*** Opening Provided material ***
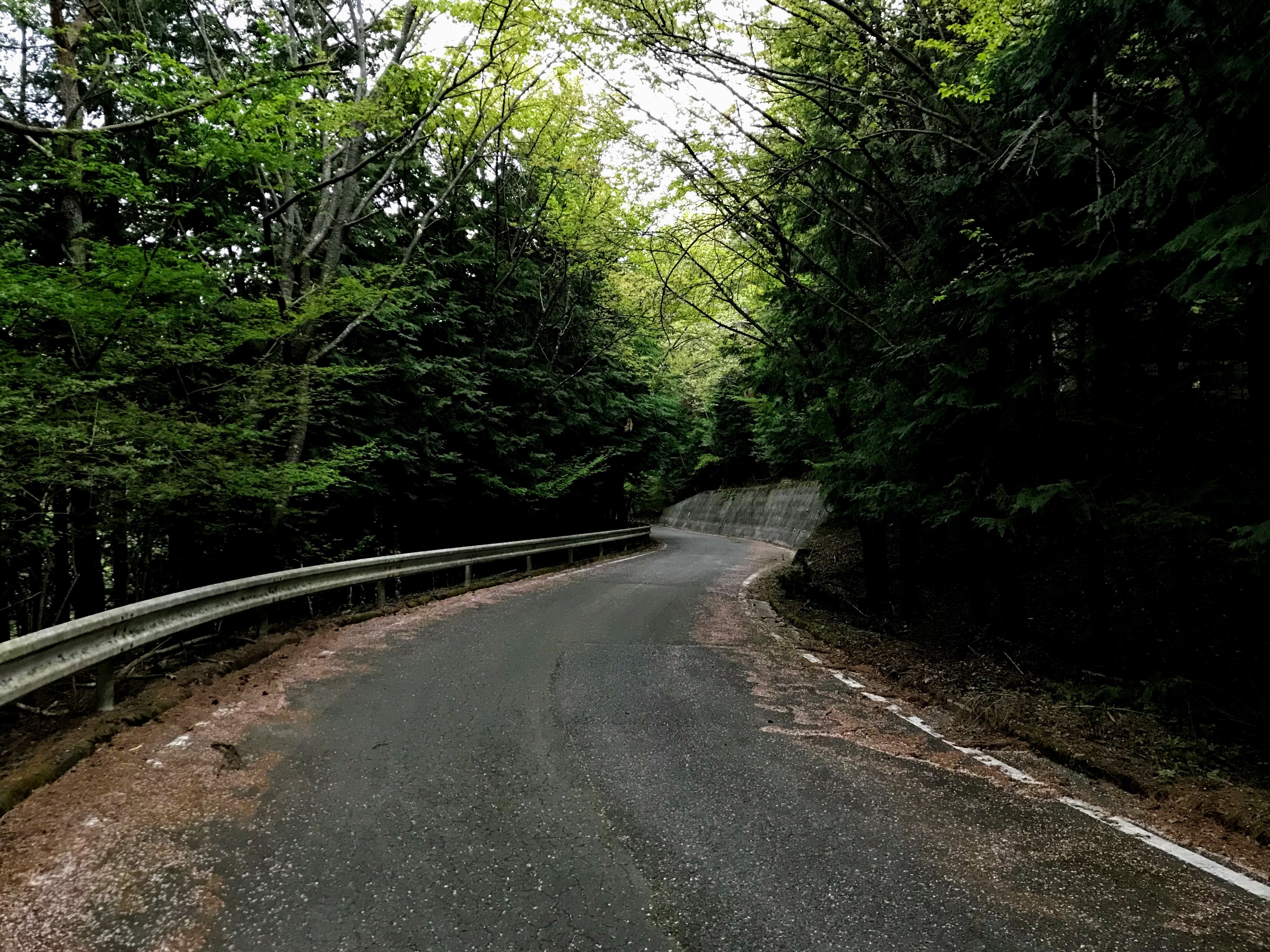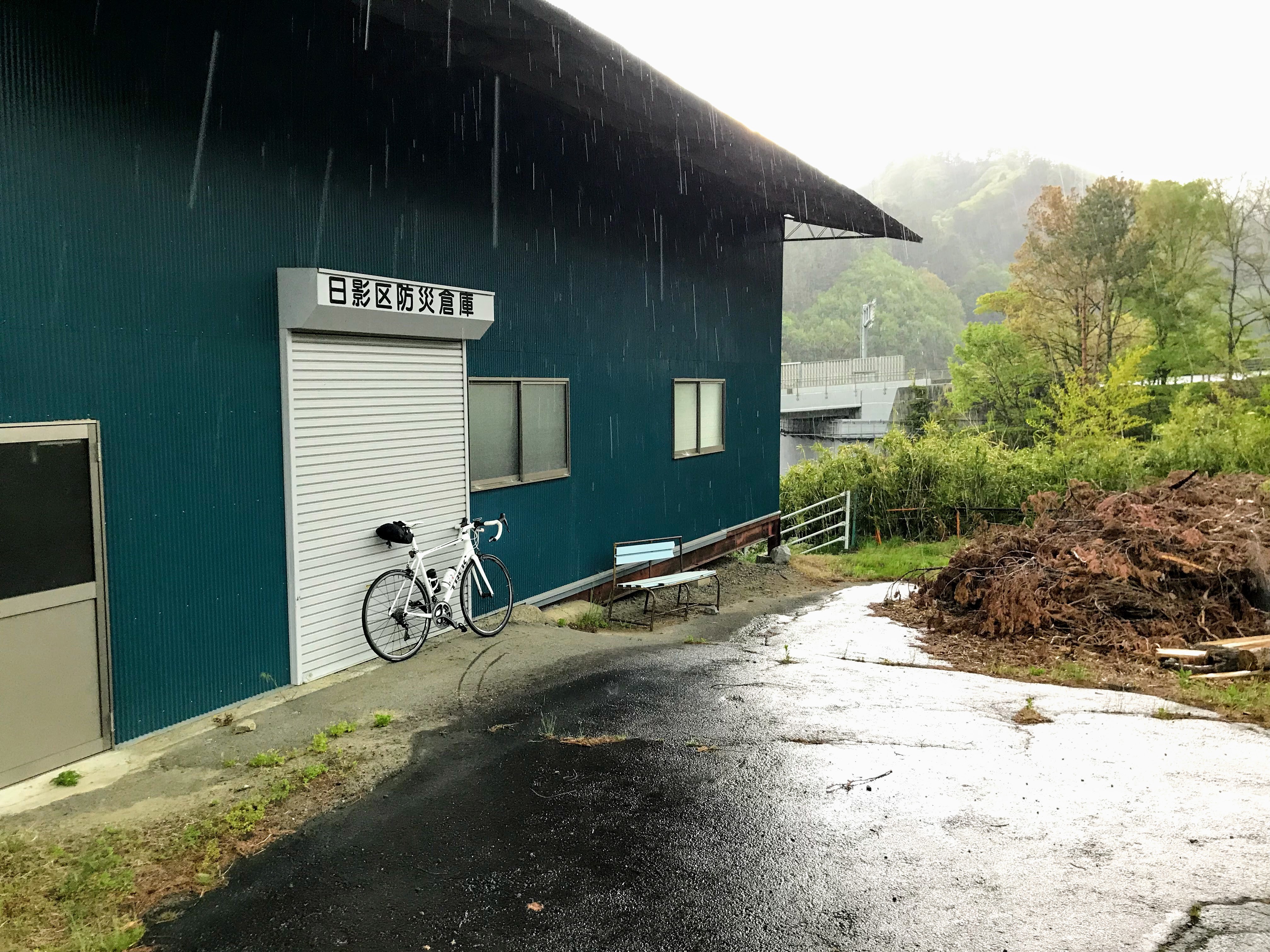 あと少しで峠を下りきるかなというところで、急激に雨脚が強くなりホイールも濡れてしまった. ブレーキが効かなくなり危険を感じたので一旦雨宿り .
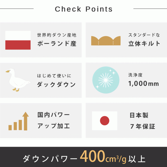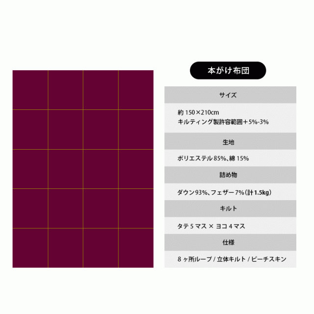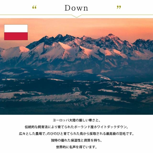 | 詰め物 | ポーランド産ホワイトダック ダウン93%、フェザー7%(合計1.5kg) |
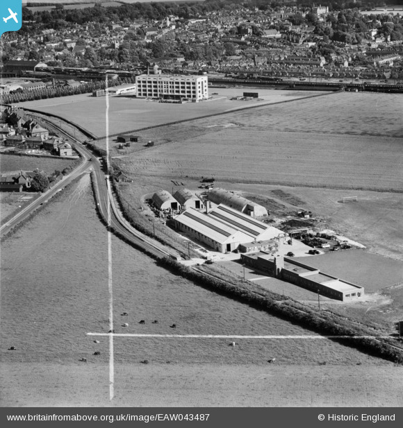 eaw043487 ENGLAND (1952). The Lansing Bagnall Ltd Material Handling Equipment Factory on Kingsclere Road, Basingstoke, 1952. This image was marked by Aerofilms Ltd for photo editing.
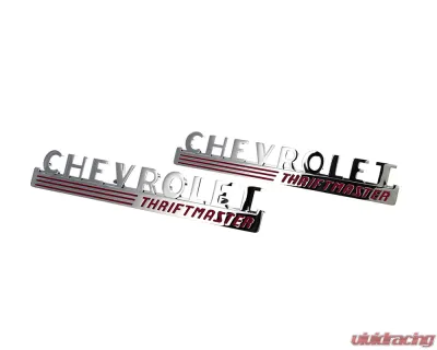 These premium aftermarket emblems are designed to add a touch of classic style and distinction to your vintage vehicle. Made from high-quality materials and featuring the iconic "CHEVROLET Thriftmaster" design, these emblems ensure lasting durability and enhance the overall appearance of your truck or suburban.Our Hood Side Emblems Pair is designed to replace worn or damaged emblems on your 1947-1948 Chevy Pickup Truck or Suburban, adding a touch of classic style and distinction. The "CHEVROLET Thriftmaster" emblems are crafted from high-quality materials, providing reliable performance and lasting durability.Upgrade your 1947-1948 Chevy Pickup Truck or Suburban with this top-quality Hood Side Emblems Pair. Designed for optimal performance and lasting durability, these emblems are an excellent investment for your vehicle. Order your premium replacement today and enjoy the enhanced style and distinction of the iconic "CHEVROLET Thriftmaster" design!
*** Closing Provided material ***
Every line above between the one containing "ポーランド産ホワイトダック ダウン93%、フェザー7%(合計1.5kg) |" and the one containing "eaw043487 ENGLAND (1952).", those two included, is to be printed exactly. No pictures go into the copy.

Your response:
 | 詰め物 | ポーランド産ホワイトダック ダウン93%、フェザー7%(合計1.5kg) |
 eaw043487 ENGLAND (1952). The Lansing Bagnall Ltd Material Handling Equipment Factory on Kingsclere Road, Basingstoke, 1952. This image was marked by Aerofilms Ltd for photo editing.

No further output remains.